**EXERCISE GOAL:** Output, word for word and without pictures, the lines from the one containing "(2) 消除大部分箱子露出红" through the final line of the listing below.

**RAW DATA:**

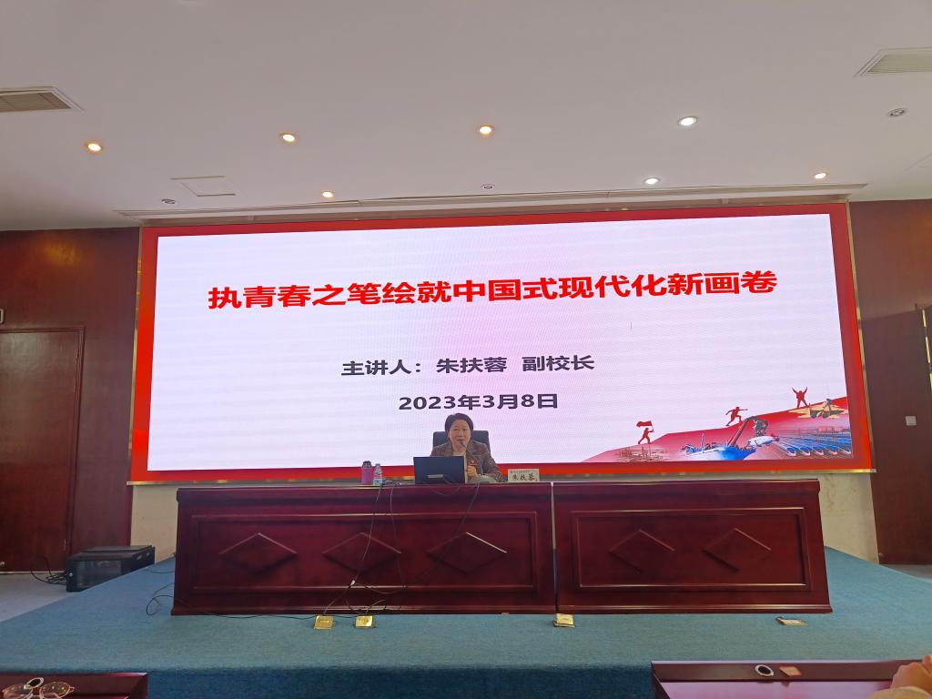 朱扶蓉教授圍繞“賡續(xù)初心、學(xué)深悟透、奮楫篤行”三個方面向大家闡釋接續(xù)奮斗實現(xiàn)中國式現(xiàn)代化的深遠意義,科學(xué)把握中國式現(xiàn)代化的重要特征,激勵廣大學(xué)子以青春之力為中國式現(xiàn)代化著筆增色。
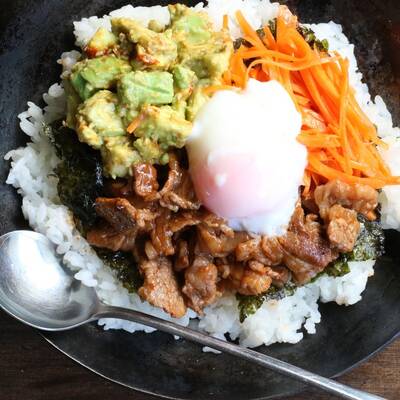 2を取り出し、食べやすい大きさに切り、ごはんの上にのせる。
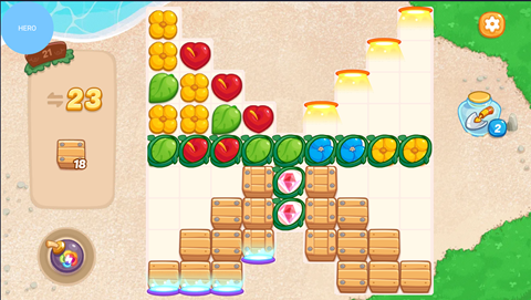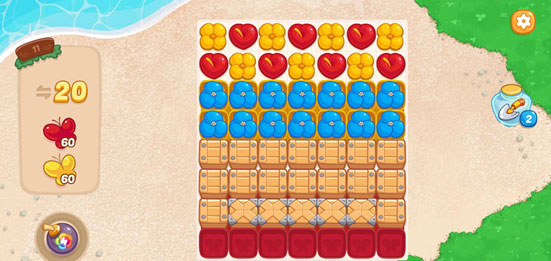 (2) 消除大部分箱子露出红色的蝴蝶发生器后,减少炸弹的使用,消除除红色以外的元素让红色元素得以掉落生成蝴蝶。
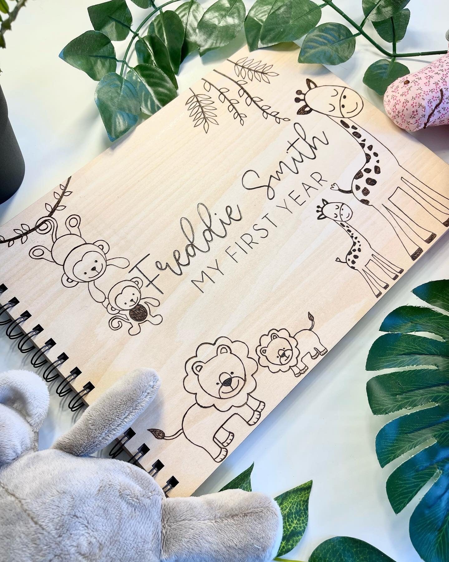 Personalised A4 wooden engraved Baby animal scrapbook/ my first year/ baby book/ baby journal/ memory gift/new baby gift- Laser/ Hand burnt

**PROBLEM SOLUTION:**
 (2) 消除大部分箱子露出红色的蝴蝶发生器后,减少炸弹的使用,消除除红色以外的元素让红色元素得以掉落生成蝴蝶。
 Personalised A4 wooden engraved Baby animal scrapbook/ my first year/ baby book/ baby journal/ memory gift/new baby gift- Laser/ Hand burnt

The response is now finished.